Hi Sergey,

+1 for this FLIP. But one last comment:

@Ron: I'm fine excluding adding/altering physical columns. But should we still allow the case where the data type of column should be declared or the column name or COMMENT?

E.g. take:

CREATE MATERIALIZED TABLE AS SELECT 'Hello';

By default it will result in (CHAR(5)).
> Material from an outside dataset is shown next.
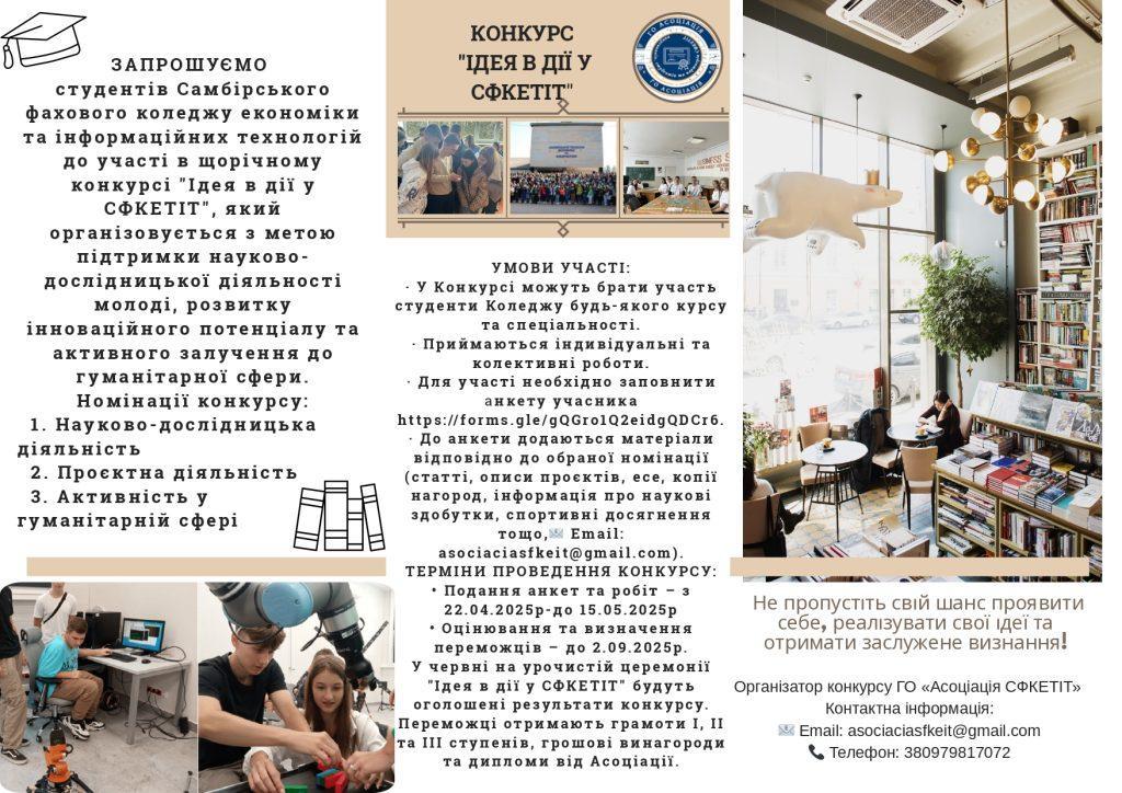 Самбірський фаховий коледж економіки та інформаційних технологій відзначив особливий день — урочисту академію з нагоди вручення нагород конкурсу “Ідея в дії у СФКЕТІТ”🎊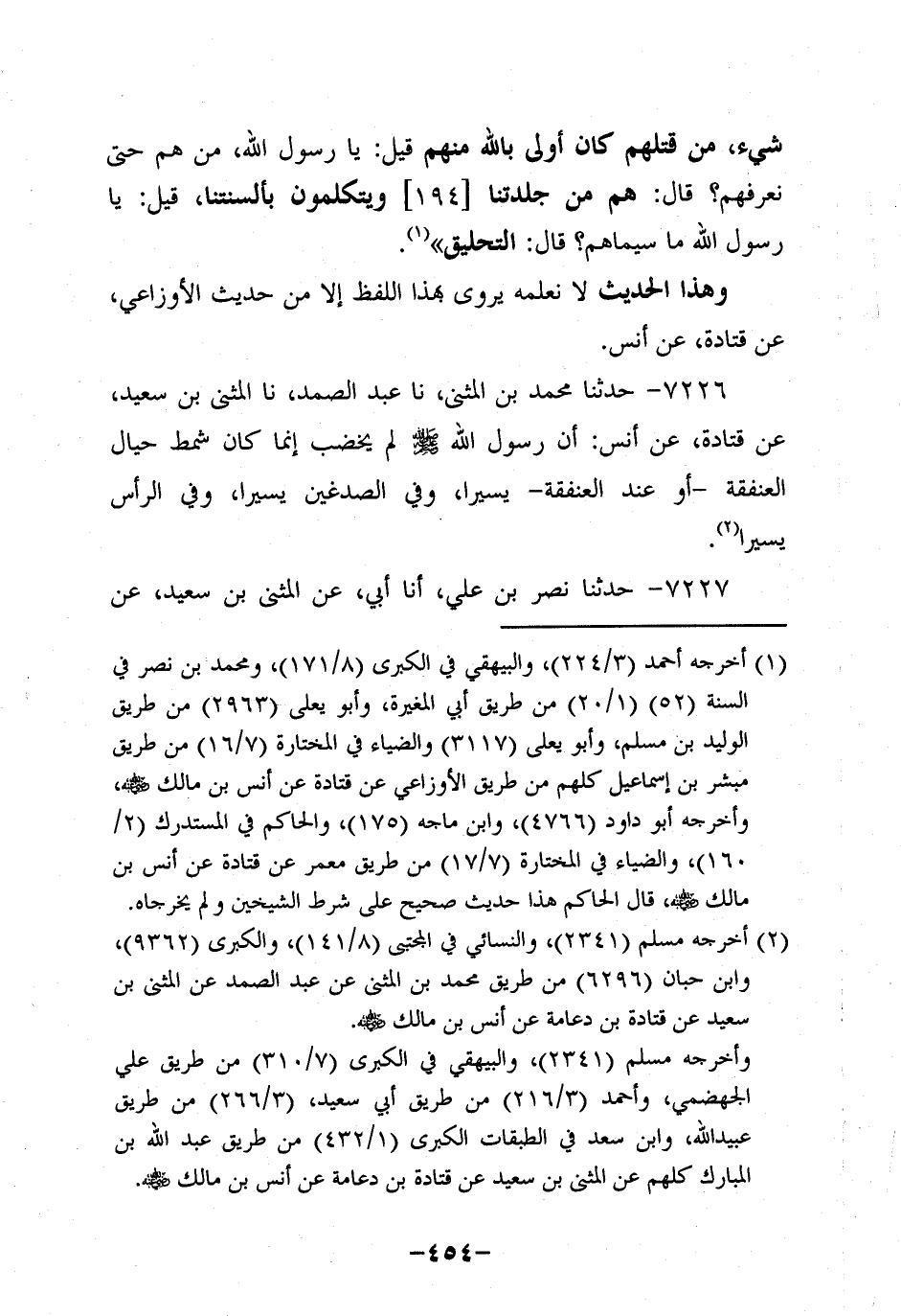 7226- حَدَّثنا مُحَمَّدُ بْنَ الْمُثَنَّى، حَدَّثنا عَبد الصمد، حَدَّثنا الْمُثَنَّى بْنُ سَعِيد، عَن قَتادة، عَن أَنَس؛ أَن رَسولَ اللهِ صَلَّى اللَّهُ عَلَيه وَسَلَّم لَمْ يُخَضِّبْ إِنَّمَا كَانَ شَمَطٌ حِيَالَ الْعَنْفَقَةِ أَوْ عِنْدَ الْعَنْفَقَةِ يَسِيرًا وَفِي الصُّدْغَيْنِ يَسِيرًا وَفِي الرَّأْسِ يَسِيرًا.

Shouldn't we allow users to define:


CREATE MATERIALIZED TABLE (name STRING) AS SELECT 'Hello';

We can forbid adding additional columns, but at least the one of the query could be better defined.

Also e.g.:

CREATE MATERIALIZED TABLE (name STRING COMMENT 'Comment of the user') AS SELECT 'Hello';

What do you think?

Cheers,
Timo





On 02.11.25 23:35, Sergey Nuyanzin wrote:
Great, thank you Ron!

In case there is no more feedback
I would suggest to move to voting[1] step

[1] https://lists.apache.org/thread/x7k41wtmp15wrcg7dqpb1f8tw1wstk0s

On Thu, Oct 30, 2025 at 2:34 AM Ron Liu <[email protected]> wrote:

Thanks for update, LGTM.

Best,
Ron

Sergey Nuyanzin <[email protected]> 于2025年10月30日周四 08:18写道:

Cool, thank you
updated FLIP
would be great if you have time to check it and tell if anything else
should be changed

On Wed, Oct 29, 2025 at 2:47 AM Ron Liu <[email protected]> wrote:

Hi, Sergey

Makes sense to me.

Best,
Ron

Sergey Nuyanzin <[email protected]> 于2025年10月29日周三 06:29写道:

Hi Ron,
thank you for your reply

I agree with the case for a compute column or metadata column, but
I
still
don't think physical columns should be added. I haven't seen a
real-world
case for it, so it shouldn't be supported with that syntax.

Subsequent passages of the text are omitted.